Outro possível entrave nas negociações, mesmo antes da confirmação de transferência de partido, parece que está superada: a destituição de Benedito Domingos da presidência do PP-DF, desde sua fundação.


“Se eu assumir o PP, depois disso eu deva conversar com o Benedito Domingos e até acatar um ou dois nomes indicados por ele, para poder ampliar o leque político. O Benedito é uma pessoa que me dou muito bem, mas não pretendo, antes disso, ter essa conversa com ele. Mas, se eu assumir o PP, assumo livre e depois é que vou chamar as pessoas que eu acho que devem ficar no partido”, confirma Fraga. O deputado não adiantou, porém, se outros nomes deverão acompanha-lo na sua transferência.


Permanência

Fraga destaca que sua permanência no Democratas também tem suas vantagens, já que o partido ofereceu carta-branca para ele faça a montagem da futura chapa para a disputa das eleições locais em 2018.


“Não há nenhum tipo de rompimento ou estremecimento entre eu e o Democratas. Na quinta-feira (19), em reunião da Executiva, consta em ata, que qualquer decisão de fazer coligação em 2018 ficará totalmente sob minha responsabilidade. Por tanto, o partido confia no meu trabalho, na minha performance e não haverá mais problemas. Eu lamentei muito quando vetaram o nome do ex-governador Joaquim Roriz (PRTB), mas parece que eles entenderam que se equivocaram e me deram carta-branca”, comemora o deputado federal.


Rôney

Outro nome que está na mira do PP é o do deputado federal Rôney Nemer (PMDB). Aliado de primeira hora de Tadeu Filippelli, o parlamentar avalia se sua saída pode estar ligada imediatamente um crescimento político, já que a legenda em Brasília também foi oferecida a ele.

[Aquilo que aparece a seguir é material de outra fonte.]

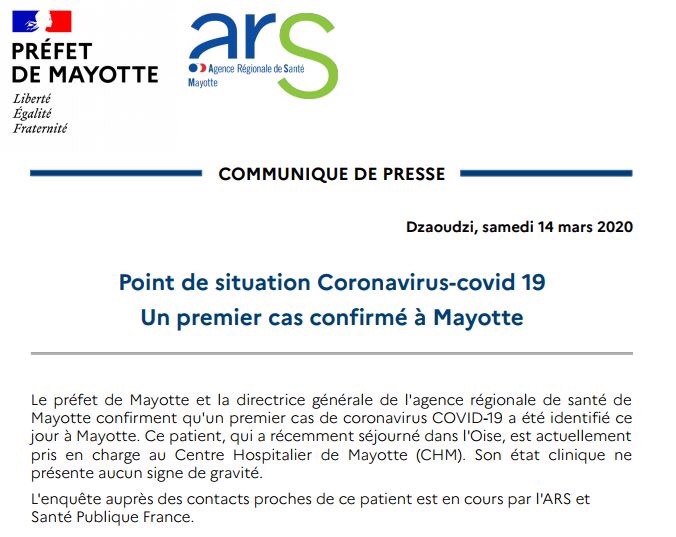 Mayotte a déjà détecté son premier patient porteur de coronavirus. La préfecture vient de le confirmer par communiqué.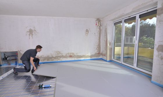 Bei einer Eigentumswohnung in einem Mehrfamilienhaus in Osnabrück wurden Küche, Arbeitszimmer und Wohnzimmer mit Balkon zu einem offenen Wohnbereich umgebaut. Im Zuge dieser Sanierung wurde auch eine Fußbodenheizung über die Gesamtfläche von 55 m² verlegt. Um jedoch keinen allzu großen Höhenunterschied zur restlichen Wohnfläche zu schaffen, wurde das System IDEAL TOP EPS 15 in Verbindung mit CF PRO 12 ausgewählt.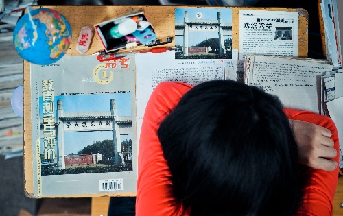 5月25日,復(fù)讀學校內(nèi),學生周康趴在桌子上休息。周康在3月23日的日記里寫道,“追尋心中的理想,一步步向自己理想的大學靠近.....有夢想的人永遠不會累,那些害怕勞累的人始終品嘗不到夢想給人的力量,那樣的拼搏不論結(jié)果,一生都難以忘懷?!?/p>

Fontes próximas de Rôney negam que a possível troca de partido tenha como pano de fundo um atrito com Filippelli, acusado por insatisfeitos dentro da sigla, como centralizador e de privilegiar parentes dentro da legenda. 


Ficando ou saindo, analistas políticos consideram que qualquer decisão é favorável  Rôney. 


Ficando, o federal é considerado um bom nome para a disputa da reeleição à Câmara dos Deputados, com status de bom puxador de voto por conta das articulações que ele faz junto a sociedade organizada e servidores públicos.


Saindo, por conta da boa relação com Filippelli, Rôney poderia continuar como um aliado, mesmo em outra legenda e fazer cumprir a “profecia” feita por Alberto Fraga. Um longo tempo de televisão e rádio nas eleições majoritárias.


CLDF

Na Câmara Legislativa, a expectativa para que tanto Fraga quanto Nemer decidam seus destinos também é grande. No PMDB, Robério Negreiro já anunciou sua saída e ainda não definiu seu destino aguardando a movimentação dos congressistas.


Outros nomes, como Cristiano Araújo (PTB), também estão perto de sair de suas legendas e ainda não definiram para onde vão, exatamente aguardando o movimento dos parlamentares de renome nacional.